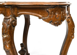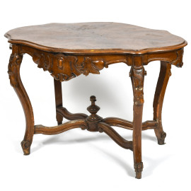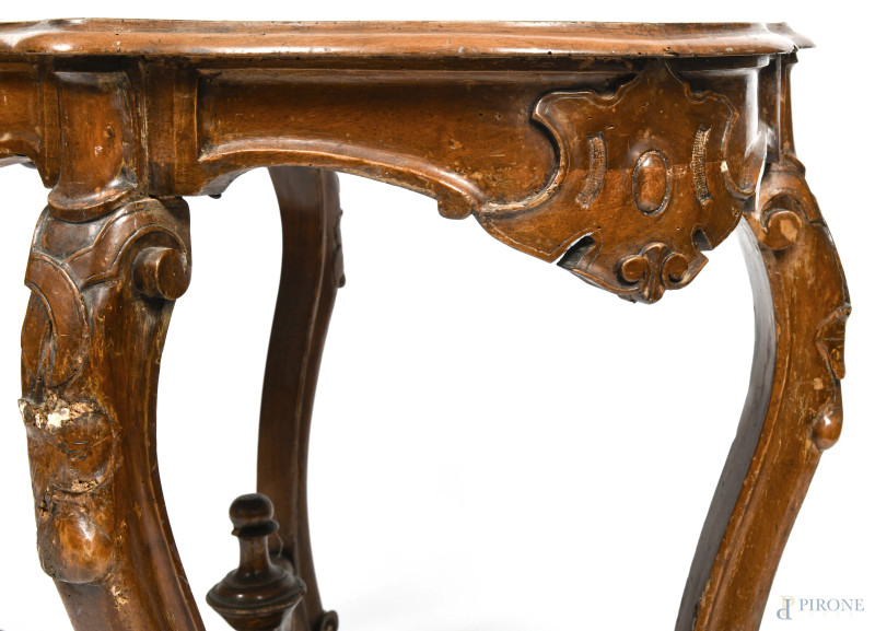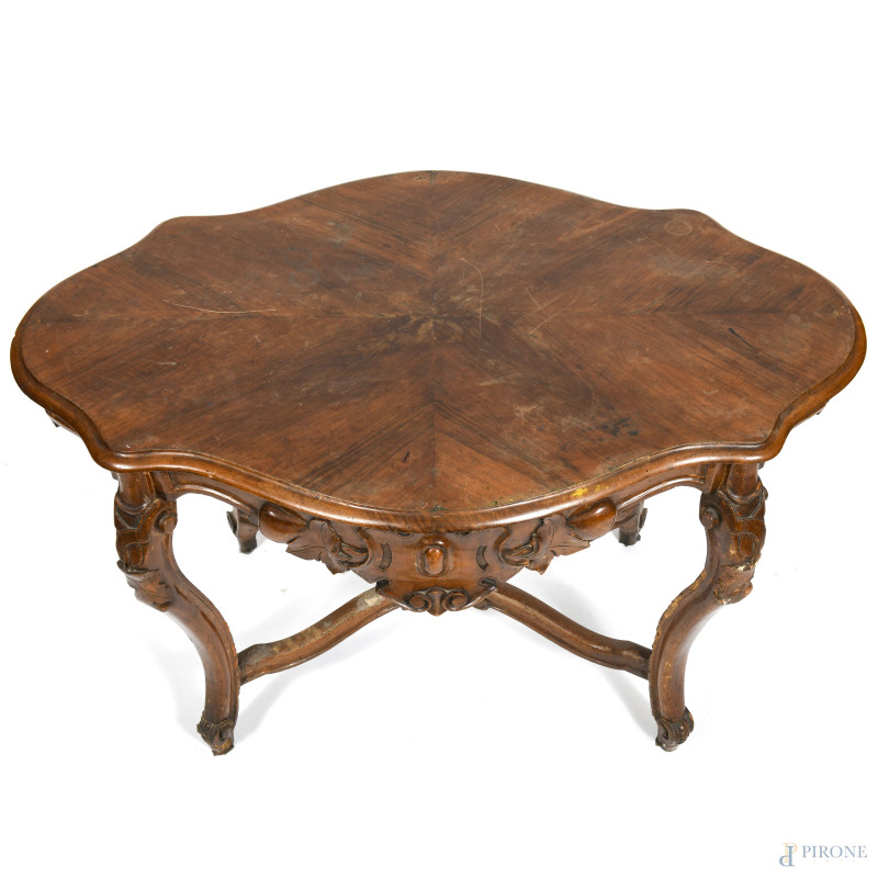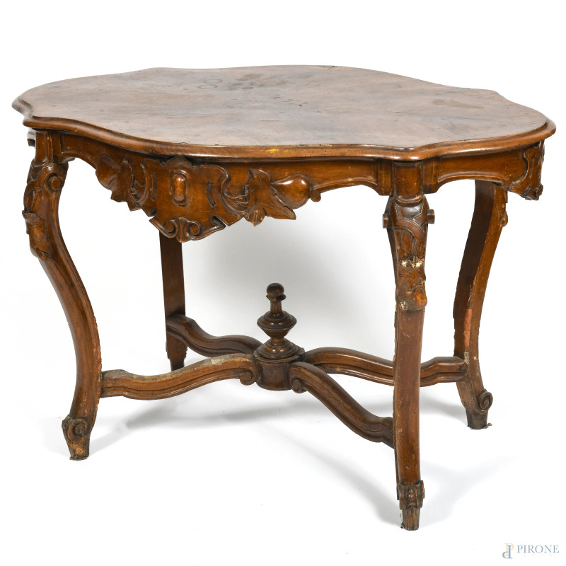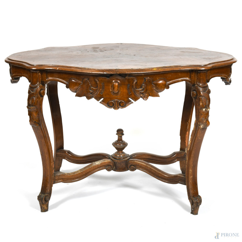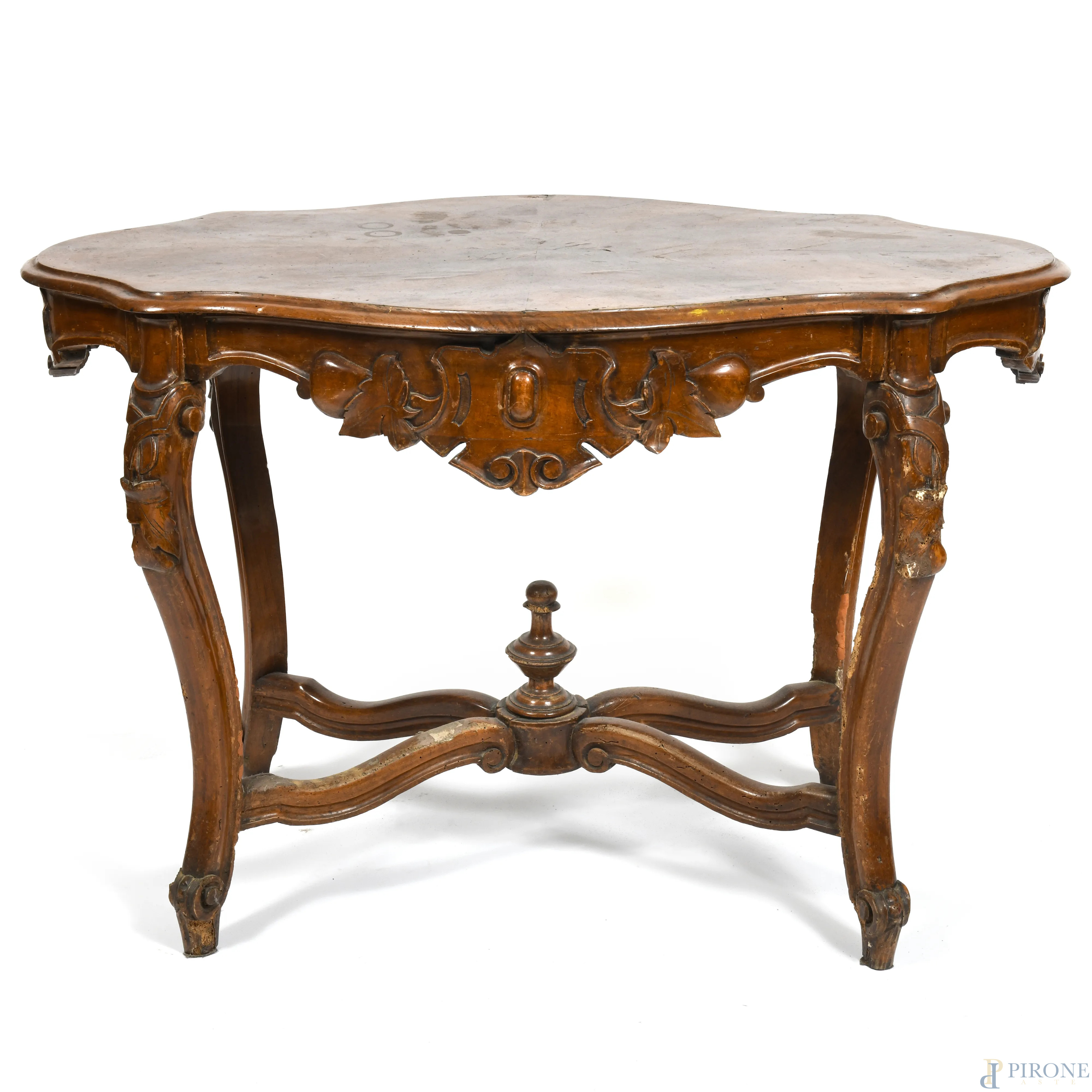 Tavolo in noce con gambe mosse raccordate da traverse ad elemento centrale, XIX secolo, cm 80x119x78, (segni di usura, graffi, abrasioni, scalfiture, fori di tarlo, difetti)
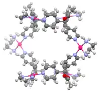 Structure of Fujita's {[Pd(en)]6L4}12+ (en = ethylenediamine, L = tripyridine ligand CH3CO2C(C5H4N)3).[4]
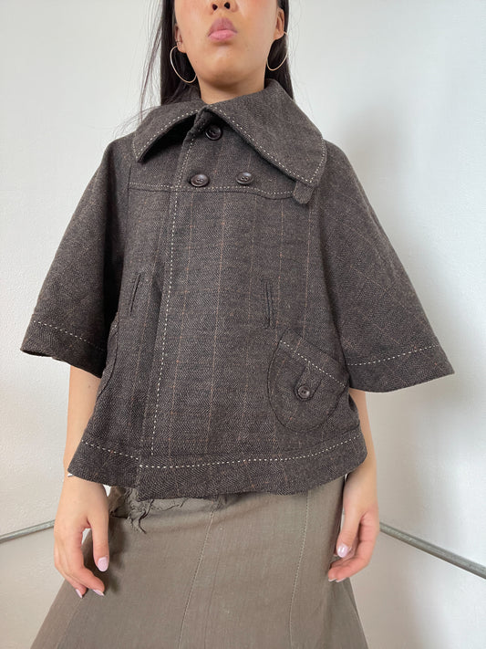 Brown Collared Cropped Swing Jacket

**Exercise requirements:** The line containing "Structure of Fujita's" and each line after it through the end of the listing above are to be written out exactly, without the pictures.

**Response to this task:**
 Structure of Fujita's {[Pd(en)]6L4}12+ (en = ethylenediamine, L = tripyridine ligand CH3CO2C(C5H4N)3).[4]
 Brown Collared Cropped Swing Jacket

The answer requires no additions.